ECLI:NL:RBMNE:2023:7526

Rechtbank Midden-Nederland

Datum uitspraak
22 december 2023
Publicatiedatum
19 februari 2024
Zaaknummer
UTR 23/4642
Instantie
Rechtbank Midden-Nederland
Type
Uitspraak
Rechtsgebied
Bestuursrecht; Bestuursprocesrecht
Procedures
  • Eerste aanleg - enkelvoudig
Rechters
Vindplaatsen
  • Rechtspraak.nl
AI samenvatting door LexboostAutomatisch gegenereerd

Beslissing over de ontvankelijkheid van het beroep tegen het niet tijdig beslissen door de korpschef van politie

In deze zaak heeft eiser op 10 juli 2023 een verzoek om nadeelcompensatie ingediend bij de korpschef van politie, omdat hij nadeel heeft geleden door het intrekken van zijn toestemming om tolk- en vertaalwerkzaamheden binnen de politieorganisatie te verrichten. Eiser stelt dat hij hierdoor een schade van € 756.983,28 lijdt. Na het indienen van het verzoek heeft eiser op 22 augustus 2023 de korpschef in gebreke gesteld wegens het niet tijdig beslissen. Op 21 september 2023 heeft eiser beroep ingesteld bij de rechtbank, omdat er geen tijdig besluit was genomen. De korpschef heeft op 26 september 2023 het verzoek om nadeelcompensatie afgewezen, waarna eiser op 8 november 2023 bezwaar heeft gemaakt en verzocht om instemming met rechtstreeks beroep.
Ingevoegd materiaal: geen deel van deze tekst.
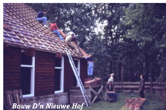
Bouw D'n Nieuwe Hof

Uiteindelijk werd besloten om een eigen onderkomen te gaan bouwen. In maart 1984 werd begonnen met de bouw ervan aan de Bosstraat.
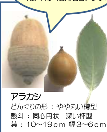
アラカシ どんぐりの形: やや丸い樽型 殻斗: 同心円状 深い杯型 葉: 10~19cm 幅 3~6cm

俗に「ぼうし」「はかま」と 呼ばれる部分のことを 「殻斗(かくと)」と言います。
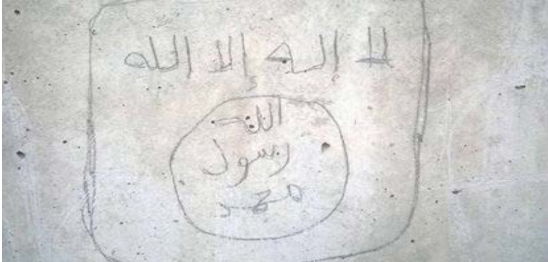
Imagen 4. Imagen de las pintadas efectuadas en la prisión española de Estremera recuperada del enlace: https://elpais.com/politica/2017/05/11/actualidad/1494529047_872232.html

La estancia de estos en prisión podría conllevar el desarrollo de labores de captación y adoctrinamiento terrorista o incluso llegar a cometer acciones violentas 34 , así como el riesgo de que, después de su salida de prisión tras cumplir condena, pudieran reincidir en su implicación en actividades terroristas 35 .
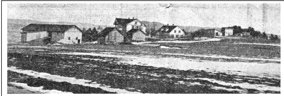
Lille Ekeberg ca. 1911, i midten begge våningshus

Lille Ekeberg ble regulert til bebyggelse i 1946 og det ble bygget Svenskehus og boligblokker på Lille Ekeberg fra 1947 og utover.
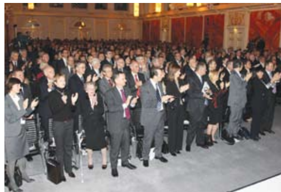
6 ноября 2009 года, Вена. Бурные аплодисменты бывшему министру иностранных дел Гансу-Дитриху Геншеру в Хофбурге

Состоявшееся ранее сегодня в Хофбурге празднование 20-й годовщины падения Берлинской стены наглядно показывает, в чем заключается суть ОБСЕ. Оно напоминает нам о ценности нашего стратегического диалога и усилий по укреплению доверия и расширению сотрудничества в огромном регионе ОБСЕ от Ванкувера до Владивостока посредством осуществления нашей повестки дня, основанной на концепции всеобъемлющей безопасности, и выполнения наших обязательств по защите личных прав и фундаментальных свобод. — Стефан Скялдарсон, посол Исландии в ОБСЕ, от имени делегаций Канады, Исландии, Лихтенштейна, Норвегии и Швейцарии на специальном заседании Постоянного совета 6 ноября 2009 года

De rechtbank heeft het bezwaarschrift van eiser onder hetzelfde zaaknummer in behandeling genomen als het eerder ingediende beroep. De rechtbank heeft besloten om partijen niet uit te nodigen voor een zitting, omdat dit in deze zaak niet nodig werd geacht. De rechtbank oordeelt dat de ingebrekestelling van eiser prematuur was, omdat de beslistermijn nog niet was verstreken. Hierdoor is het beroep tegen het niet tijdig beslissen niet-ontvankelijk verklaard. De rechtbank heeft ook geoordeeld dat de korpschef ten onrechte heeft ingestemd met rechtstreeks beroep, omdat er in de primaire fase geen uitputtende gedachtewisseling heeft plaatsgevonden die de bezwaarschriftenprocedure overbodig zou maken.
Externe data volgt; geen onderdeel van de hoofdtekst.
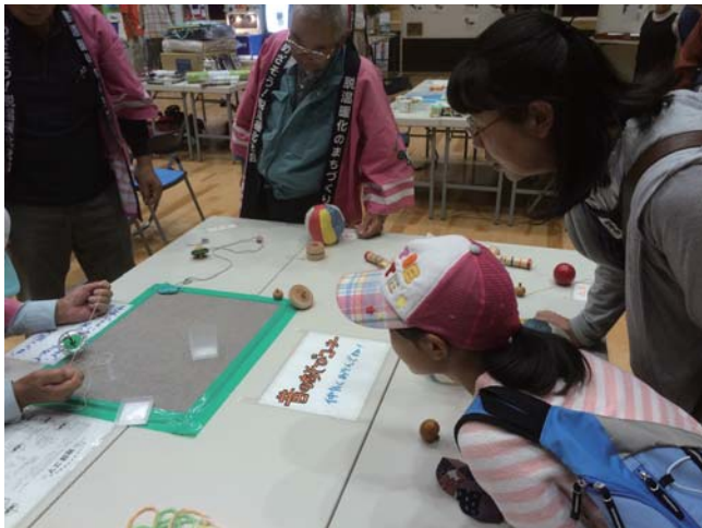
地球ゴマやけん玉などの昔の遊び
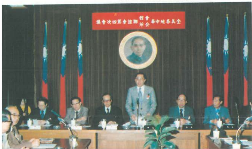
全美中華會館中華公所聯誼會於六十八年四月四日舉行第四次會議。

De rechtbank heeft besloten het beroepschrift terug te zenden aan de korpschef om als bezwaarschrift te worden behandeld. De uitspraak is gedaan door rechter A. Skerka en is openbaar uitgesproken op 22 december 2023. Tegen deze uitspraak staat geen hoger beroep open voor zover het de uitspraak betreft ingevolge artikel 8:54a van de Awb.

Uitspraak

RECHTBANK MIDDEN-NEDERLAND
Bestuursrecht
zaaknummer: UTR 23/4642

uitspraak ingevolge artikel 8:54 van de Algemene wet bestuursrecht en

uitspraak ingevolge artikel 8:54a van de Algemene wet bestuursrecht van de enkelvoudige kamer van 22 december 2023 in de zaak tussen

[eiser] , uit [plaats] , eiser

(gemachtigde: mr. P.J. de Booij),
en

de korpschef van politie, verweerder.

Inleiding

1. Eiser heeft op 10 juli 2023 een verzoek om nadeelcompensatie gedaan. Eiser stelt dat hij nadeel heeft geleden als gevolg van het besluit van verweerder waarbij is bepaald dat het hem niet langer is toegestaan zijn tolk- en vertaalwerkzaamheden binnen de politieorganisatie te verrichten en dat het eerder toekennende besluit daartoe als ingetrokken moet worden beschouwd. Eiser stelt dat hij in de periode vanaf 20 februari 2020 tot aan zijn pensioen nadeel lijdt tot een bedrag van € 756.983,28.
2. Op 22 augustus 2023 heeft eiser verweerder in gebreke gesteld omdat hij niet op tijd heeft beslist op zijn verzoek om nadeelcompensatie. Op 21 september 2023 heeft eiser beroep bij de rechtbank ingesteld vanwege het niet op tijd beslissen door verweerder.
3. Verweerder heeft op 26 september 2023 eisers verzoek om nadeelcompensatie afgewezen. Tegen dit besluit heeft eiser op 8 november 2023 bezwaar gemaakt en in zijn bezwaarschrift doet eiser het verzoek aan verweerder om in te stemmen met rechtstreeks beroep. Op 9 november 2023 heeft verweerder meegedeeld dat hij instemt met rechtstreeks beroep.
4. De rechtbank heeft het door verweerder ter behandeling als beroepschrift doorgezonden bezwaarschrift onder hetzelfde zaaknummer in behandeling genomen als het door eiser op 21 september 2023 ingediende beroep. [1]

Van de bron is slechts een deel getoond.